= Benveniste de Porta =

Vidal Benveniste de Porta (Vidal Benvenist ça Porta; died 1268) was the Jewish batlle of Barcelona, Girona and Leida and a brother of Nahmanides.

Benveniste was an important official of Barcelona and the tax collector and treasurer (bailiff) of King Jaume I of Aragon. From time to time he advanced to the king payments on the municipal dues owed to the king. Thus on 17 December 1257, he advanced 3,863 sous on the dues of his bailiwick; and on the 15th of the following month he received the right to sell the tax collection of Barcelona and Girona for two years. The total advances to the king was no less than 199,483 sous, which Benveniste was allowed to recover by giving to him the tax collection from Lleida and other places of his bailiwick. Part of the payment for the tax advances was made by the Jews of Barcelona who were ordered to hand over (taxes of) 12,000 sous to Benveniste.

Meanwhile, the king continued his orders to Benveniste for the advancement of funds, drawing a check on him for 5,000 sous on June 12, 1260; while two years later the king acknowledged his indebtedness of 15,221 sous for payment made on account of the Infanta Donna Joanna, on May 21, 1262. In return for the advance, the dues of Vilafranca (ib.

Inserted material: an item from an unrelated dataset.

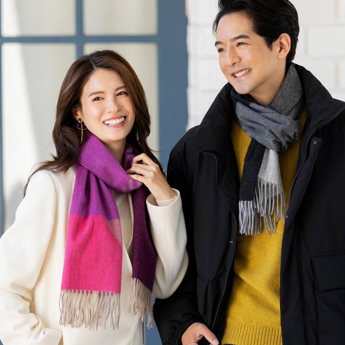 繊度が細く柔軟で軽さがあり、保温性・吸湿性に富んだソフトな風合いが特徴の、カシミヤ100%のマフラー。ジャカード織機で織ることで、斜めラインなどを組合せた表現豊かなブロック柄デザインに仕上げました。中厚手で使いやすく、裏面はニュアンスの異なるリバーシブル仕様になっています

No. 205), as well as twenty squares of land there, and the taxes of the Balearic Islands and of Perpinyà, were granted to Benveniste. The latter continued to act as the bailiff for the king, since a record is found of acknowledgment of an advancement of 15,000 sous, paid by Benveniste to the bishop of Barcelona when proceeding on an embassy to France on 1 January 1254; and as late as 1 February 1268, the tax collection from the Jews of Girona were assigned to Benveniste.

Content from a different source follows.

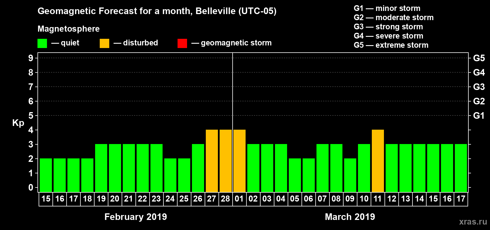Geomagnetic storm forecast in Belleville for Feb 15, 2019

Altogether Benveniste stood high in favor with the king and when on May 29, 1264, his brother Nahmanides was pardoned, two-thirds of the fine he had incurred for the alleged crime of vituperating Jesus in the celebrated disputation of 1263 was remitted, the king expressly stating that the pardon was given "amore Benveniste de Porta, fratris tui".

Descendants
Dr. David Raphael author of The Alhambra Decree, director of the musical documentary Song of the Sephardi, and film on the 1263 Disputation of Barcelona between Nahmanides and representatives of Christianity is a descendant of Vidal Benveniste de Porta.